Tuttavia non c’erano segnali che la situazione fosse così grave. La domanda è ovvia: se soffre una multinazionale che cosa ne sarà dei “piccoli” molto concentrati sull’Italia? I dati di Refitiv hanno fanno sapere che gli investimenti francesi nel nostro Paese nell’ultimo anno sono triplicati seguiti da quelli americani. Facile immaginare che il rilancio di Alitalia sarà una questione privata tra i tedeschi di Lufthansa e gli americani di Delta fortemente interessati a controllare il traffico della seconda manifattura italiana.

Perché poi, da secoli il problema dell’Italia è sempre lo stesso: una terra economicamente forte ma politicamente fragile. Il Rinascimento non poteva essere diverso visto che Firenze, Milano e Venezia in quel momento erano le città più ricche del mondo.

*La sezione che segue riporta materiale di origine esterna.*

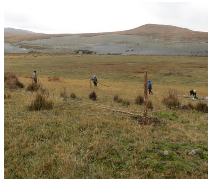
Establecimiento de parcelas experimentales de monitoreo de restauración en el predio Antisana

En la casa hacienda Antisana se pueden alojar hasta 6 investigadores con las mismas facilidades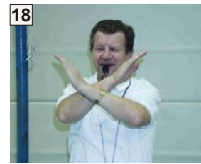
18 Spielende oder Halbzeit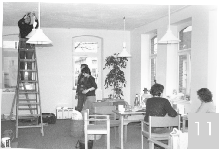
Einrichtung des ersten Lesesaals

Die Forschungsergebnisse werden 2024, pünktlich zum 40-jährigen Bestehen des AddF, Teil einer Publikation. Seien Sie also schon heute gespannt auf die Geschichte des AddF!

La discesa di Carlo VIII dimostrò che un esercito in armi partito dalla Francia poteva raggiungere Napoli e tornare indietro senza incontrare apprezzabili resistenze. Da quel momento cominciarono le guerre che avrebbero fatto dell’Italia “un’espressione geografica”. Passarono un paio di secoli prima che arrivasse Cavour.